If THE YEAR 2022 was a movie, one of the APOCALYPTIC Blockbusters released for summer audiences, by the time the JUNE 2022 scene was flashing up on the screen, at least in the movie, some smart-aleck high school kid and his nerdy best friend would have begun to figure out what the HELL IS GOING ON, and HOW THE HELL to remedy it.
Most likely by the JUNE 2022 scene in the movie, we would have met the CEO’S of at least three MEGA CORPORATIONS who cunningly assume that when SHIT HAPPENS it will not HAPPEN to them because they think that somehow their PROFITS stashed away in some OFFSHORE ACCOUNT, or their SPACESHIP, hidden in some God-forsaken mountain in Nevada or Saudi Arabia will whisk them away to some hidden SPACE STATION, serviced by some poor schnooks who will work because somehow those SCHNOOKS were promised enough money to live large.
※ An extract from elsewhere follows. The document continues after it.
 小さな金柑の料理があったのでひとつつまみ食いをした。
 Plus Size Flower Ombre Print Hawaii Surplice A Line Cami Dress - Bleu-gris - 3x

Meanwhile, as SEVERE DROUGHTS heighten tensions between FARMERS, RANCH OWNERS, and those LEFTY Urban Dwellers, water shortages will provide even more POLITICAL folly for POLITICIANS to use as ammunition to actually NOT DO A FUCKING thing about CLIMATE CHANGE, blaming the Democrats of using Mother nature as a scapegoat. BUT real ammunition is used as a bunch of GOOD OLE’ BOYS AND GALS, decide that MILITIAS are the new LAW AND ORDER. The camera will pan to cities like Cleveland, Detroit, Pittsburgh, New York, and Philadelphia as TORNADOES reign supreme, hail falls as large as basketballs, and of course the go-to standard of chastising People of Color, retail stores will be vandalized, because in crisis we know that the paper towels toilet paper and TECH Devices will save the day. The SOUTHERN cities like Charlotte and Atlanta will be showcased as we watch those citizens melting on pavements as temperatures rise to 122 degrees, but with a bit of hope, the camera will pinpoint a church and a Preacher who says his God is listening.
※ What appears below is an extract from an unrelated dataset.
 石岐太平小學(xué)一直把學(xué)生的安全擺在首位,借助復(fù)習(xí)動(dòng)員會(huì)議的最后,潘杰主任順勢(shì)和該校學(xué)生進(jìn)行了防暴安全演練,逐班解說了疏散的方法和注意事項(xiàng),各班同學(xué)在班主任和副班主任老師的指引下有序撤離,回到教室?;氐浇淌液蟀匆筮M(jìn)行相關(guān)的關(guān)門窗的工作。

All the while we will hear 1. Messiaen: Quartet for the End of Time · Scriabin: Mysterium · Berlioz: Requiem played in the background as we watch neighbor verse neighbor, family verse family for food shelter, and of course GUNS, GUNS, GUNS will become the only COMMON EXCHANGE. By June 2022, the movie THE YEAR 2022, will have been playing for 1.5 hours, and the audience is becoming weakened by despair and doom. We will flash to the original two high school kids, who pull out ENCYCLOPEDIA BRITANNICA’S stuffed in boxes left to their families by their Grandparents, along with Farmers Almanacs and Civics Books from the 1950s. The audience will know that MAYBE, just maybe there is hope on the horizon as we listen to Hoe Down, and Fan Fare For The Common Man by Aaron Copeland, BECAUSE, to make things BAD become BETTER, AMERICANA MUSIC is key. We have another 1.5 hours left in this movie, THE YEAR 2022 some of the audience is bored and leave the theater, OTHERS SIT BACK and whisper to their companions I am NERVOUS, what comes next!